Given that he left the cabinet in 1941 for the British embassy in Washington, this suggests that he was still tainted by his support for appeasement prior to the invasion of the Sudetenland.
Churchill was actually very good at putting potential rivals into jobs that got them out of the country. He sent first Lothian and then Halifax to Washington, Hoare to Madrid, Moyne to Egypt and Swinton to West Africa and made Margesson a scapegoat for military failures. I think it is more indicative of Halifax being someone who might have taken all his toy soldiers and sailors away from him.
 
Here's another POD:

What if Churchill gets killed by being hit by the person who jumped off the roof of his hotel in the aftermath of the Wall Street Crash of 1929?

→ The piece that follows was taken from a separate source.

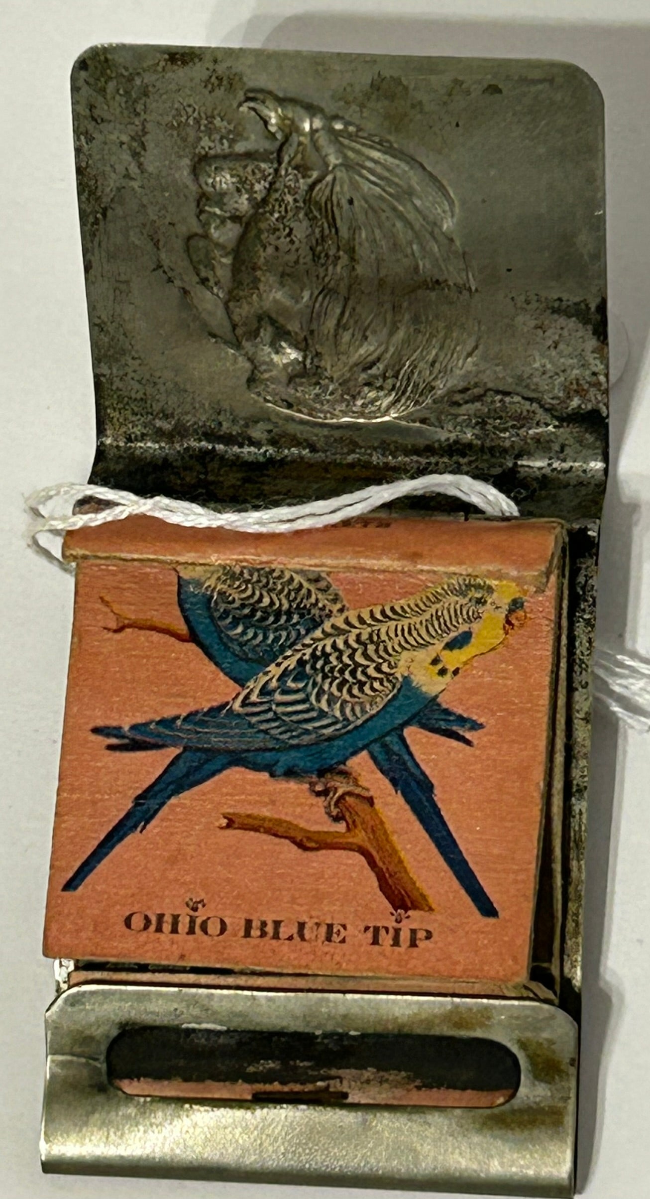 ANTIQUE MATCH BOOK HOLDER WITH NATIVE AMERICAN AND LADY COMBO DESIGN

IRL, he was visiting New York City at the time and actually saw the guy hit the pavement close to where he was standing...
 
Churchill was actually very good at putting potential rivals into jobs that got them out of the country. He sent first Lothian and then Halifax to Washington, Hoare to Madrid, Moyne to Egypt and Swinton to West Africa and made Margesson a scapegoat for military failures. I think it is more indicative of Halifax being someone who might have taken all his toy soldiers and sailors away from him.
I'm sure you are absolutely right, but Halifax was a leader of the appeasers until 1938 and all the memoirs of the Labour members of the coalition are consistent in their criticisms of his perceived sympathies for Facism - this may be ex post facto rationalisation but I cannot see a coalition being attempted with the Holy Fox in charge. He actually did a pretty good job in Washington where British aristos did not always go down well. He even got on quite well with the arch Anglophobe, Ernie King.